Quatre députés issus des rangs du Parti démocratique de Côte d’Ivoire-Rassemblement démocratique africain (PDCI-RDA) ont annoncé la suspension de leur participation aux travaux du groupe parlementaire de leur formation politique à l’Assemblée nationale. Deux éléments ont été invoqués pour justifier cette posture : « la gestion du groupe parlementaire » dirigé par Me Chrysostome Blessy et des « raisons personnelles ».
Les quatre frondeurs sont N’Gouan Jérémie Alfred, député de la commune d’Aboisso (région du Sud Comoé), Adja Alain François, de la commune de Port-Bouët (District autonome d’Abidjan), Éliane N’Zi, de Bocanda commune et sous-préfecture (région du N’zi) et Kouamé Koffi Athanase, également député de la commune de Bocanda.
Dans la lettre adressée aux responsables du PDCI-RDA et rendue publique le 11 mars 2026, les quatre élus fustigent le « défaut de concertation » et le « déficit de communication »en vogue au sein du plus vieux parti politique de Côte d’Ivoire. Ils dénoncent également « l’exclusion des anciens députés des postes du bureau de l’Assemblée »
Selon Kouamé Koffi Athanase, cette fronde n’a d’autre but que d’alerter l’opinion publique sur « un dysfonctionnement qui porte préjudice à la cohésion du groupe ».
Pour sa part, Eliane N’Zi N’da a déploré des « graves dysfonctionnements dans l’organisation et la stratégie » du parti, dans « un contexte », précise-t-elle, « marqué par les résultats jugés décevants des dernières législatives ».
Le PDCI-RDA a vu le nombre de ses députés passer de 66 à 32 lors des scrutins parlementaires de décembre 2025, mais il reste la première force d’opposition à l’Assemblée nationale ivoirienne.

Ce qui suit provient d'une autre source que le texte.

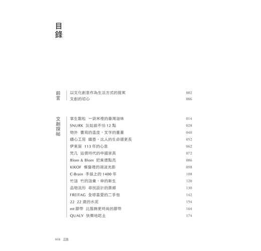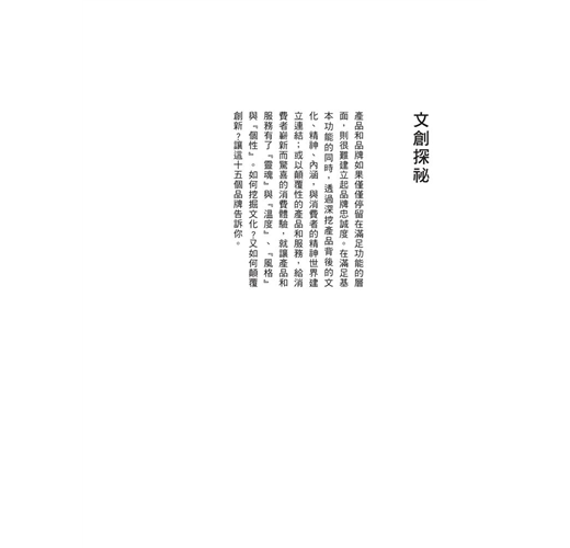 本書採訪了來自不同國家、地區的30 個文化創意品牌。它們備受不同民族、階層、語言文化人民的共同喜愛、推崇,也代表了當下文化創意產業發展的豐富樣貌。在本書中,品牌的創辦人(設計師、廣告人、媒體人、工匠藝人、普通人)以最大的真誠吐露心聲,與關注和喜愛文化創意品牌的讀者,一起回顧品牌創始的那些看似偶然卻又必然的機遇,講述其誕生的機緣與發展的故事,細數產品製作過程中經歷的挫折與喜悅,期待與更多人分享蘊含在產品、品牌中的生活理想。每一個品牌創辦人,既是文化的研究者、發掘者,更是文化內容的創造者。正如品物流形品牌創辦人、設計師張雷所言——「傳統在未來!」

Interrogé par le quotidien d’informations générales Le Nouveau Réveil proche du PDCI-RDA, Me Chrysostome Blessy a relativisé la portée de ces départs, affirmant ne pas « avoir encore pris de décisions majeures concernant la gestion du groupe parlementaire ».
Il y a quelques semaines, trois députés-maires issus du même parti, Jacques Ehouo (commune du Plateau), Jean‑Marc Yacé (Cocody) et Sylvestre Emmou (Port-Bouët) avaient opposé une fin de non-recevoir à leur intégration au groupe parlementaire du parti, évoquant au passage « leur désaccord avec certaines décisions internes ».
Ces nouvelles dissensions interviennent alors que le PDCI-RDA envisage la tenue, à une date non encore arrêtée, d’un bureau politique exceptionnel destiné à réviser certains textes du parti et à engager une réflexion interne sur son fonctionnement.